BRIEF → In this exercise, retype exactly the lines from the start of the entries through the line bearing "Опрос от DAT", leaving every picture out.

DATA TO PROCESS →
<<<<
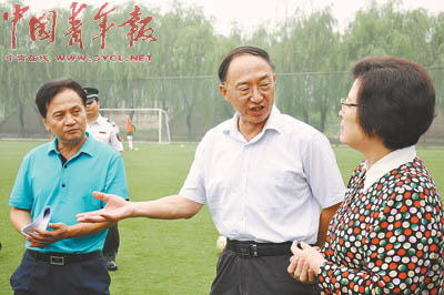 7月15日,国家体育总局局长刘鹏(中)与人大附中校长刘彭芝(左)和三高足球训练基地主任李连江交谈。
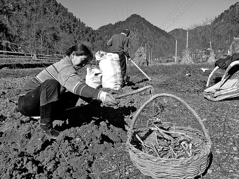 近日,商州区北宽坪镇广东坪村赖宏军夫妇正在挖桔梗。据了解,今年由于桔梗收购价下降,药农收入近乎减半。药农希望政府能够帮群众找销路,解决桔梗收购价低、销售难的问题。(记者 吕丽霞 摄)
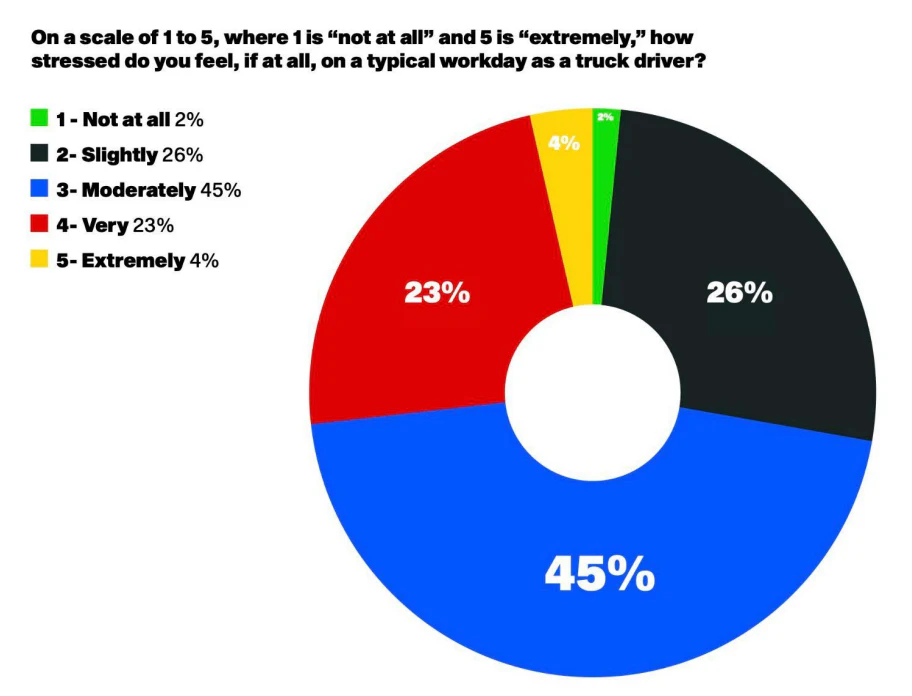 Опрос от DAT Freight & Analytics показал, что около 75 процентов опрошенных водителей коммерческого транспорта считаю свою работу физически и эмоциональной сложной и стрессовой. Небольшая часть опрошенных ответили, что эмоционально и физически справляются с тяжбами работы и обращаются за помощью, когда нуждаются в ней.
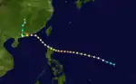 On June 17, Typhoon Dolly formed. It moved northwestward, only to strengthen. After passing by the Philippines, it reached its maximum intensity of 125 mph, a strong major hurricane. It rounded around Taiwan and made landfall on China's shoreline. It dissipated hours after on June 23.
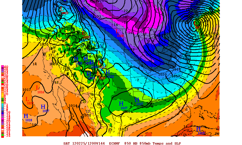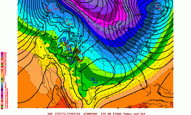 The best chance for any notable snows will come at the end of the week, when a piece of moist subtropical jet-stream energy, seen on the above image by the lower heights over the Baja of California, moves east and attempts to interact with the building trough and cold air over the Great Lakes.
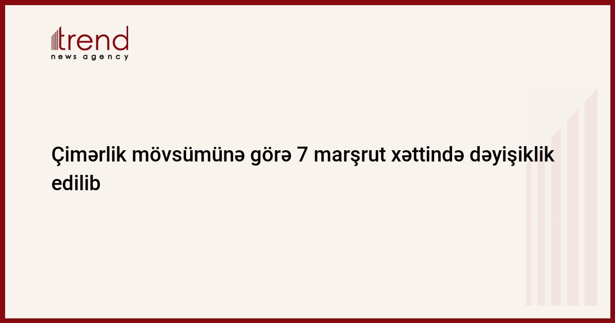 Mövsümi xarakterli dəyişikliyə əsasən, 16.06.2021 tarixindən 101 nömrəli müntəzəm marşrutun hərəkət istiqaməti “Türkan” çimərliyinədək, 107 nömrəli müntəzəm marşrutun hərəkət istiqaməti “Buzovna” çimərliyinədək, 146 nömrəli müntəzəm marşrutun hərəkət istiqaməti “Şüvəlan” çimərliyinədək, 179 nömrəli müntəzəm marşrutun hərəkət istiqaməti “Pirşağı” çimərliyinədək, 180 nömrəli müntəzəm marşrutun hərəkət istiqaməti “Zirə” çimərliyinədək, 182 nömrəli müntəzəm marşrutun hərəkət istiqaməti “Mərdəkan” çimərliyinədək, 189 nömrəli müntəzəm marşrutun hərəkət istiqaməti Nardaran qəsəbəsinin “Ləhic” bağlarına qədər təşkil ediləcək.
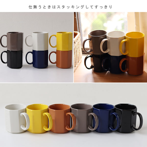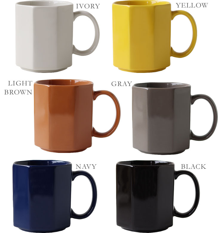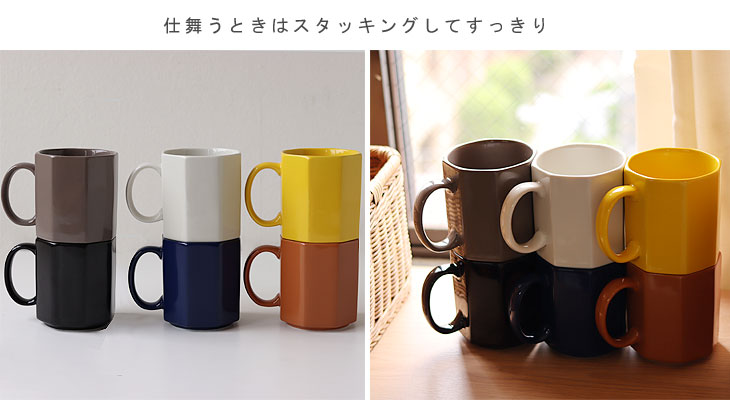 厳選した6カラー展開。 性別を問わず、さまざまなインテリアで使ってもらいたいと、ベーシックから明るいものまで幅広いカラーを取り揃えました。 アイボリー、イエロー、ライトブラウン、グレー、ネイビー、ブラックと、使う方の好みのカラーに合わせて複数揃えるのもおすすめです。 ![]() 底部分が噛み合うスタッキングできる仕様なので、使わないときは食器棚に重ねて仕舞うことでいつでもすっきりと収納できます。 電子レンジや食洗機にも対応しているのも日常的な使い勝手を考えた仕上げです。
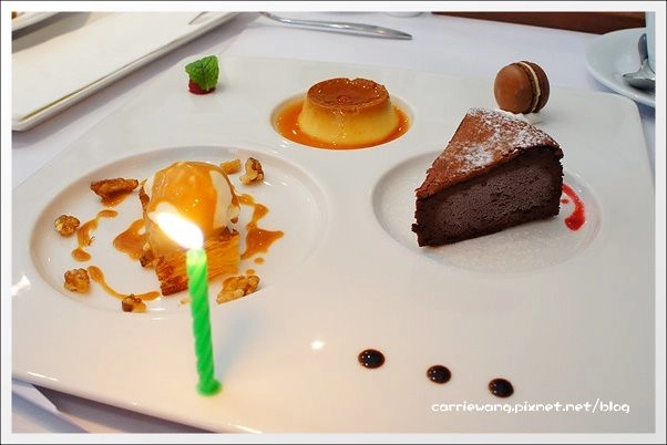 因為我和玫瑰都是12月份的壽星,生日只差一天,玫瑰順口問服務人員生日有什麼優惠嗎?居然…來了一大盤甜點拼盤耶!
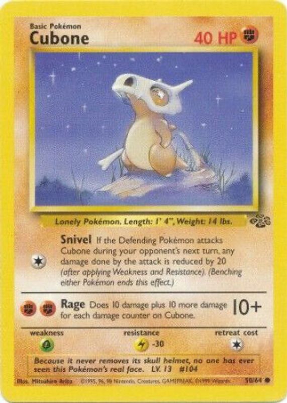 The Cubone 1999 Jungle #50/64 Unlimited card in Raw TCG (Near Mint) condition has moved up $0.40 (+20.1%) in the last 30 days and was last sold for $2.39 .
>>>>
ANSWER BOX →
 7月15日,国家体育总局局长刘鹏(中)与人大附中校长刘彭芝(左)和三高足球训练基地主任李连江交谈。
 近日,商州区北宽坪镇广东坪村赖宏军夫妇正在挖桔梗。据了解,今年由于桔梗收购价下降,药农收入近乎减半。药农希望政府能够帮群众找销路,解决桔梗收购价低、销售难的问题。(记者 吕丽霞 摄)
 Опрос от DAT Freight & Analytics показал, что около 75 процентов опрошенных водителей коммерческого транспорта считаю свою работу физически и эмоциональной сложной и стрессовой. Небольшая часть опрошенных ответили, что эмоционально и физически справляются с тяжбами работы и обращаются за помощью, когда нуждаются в ней.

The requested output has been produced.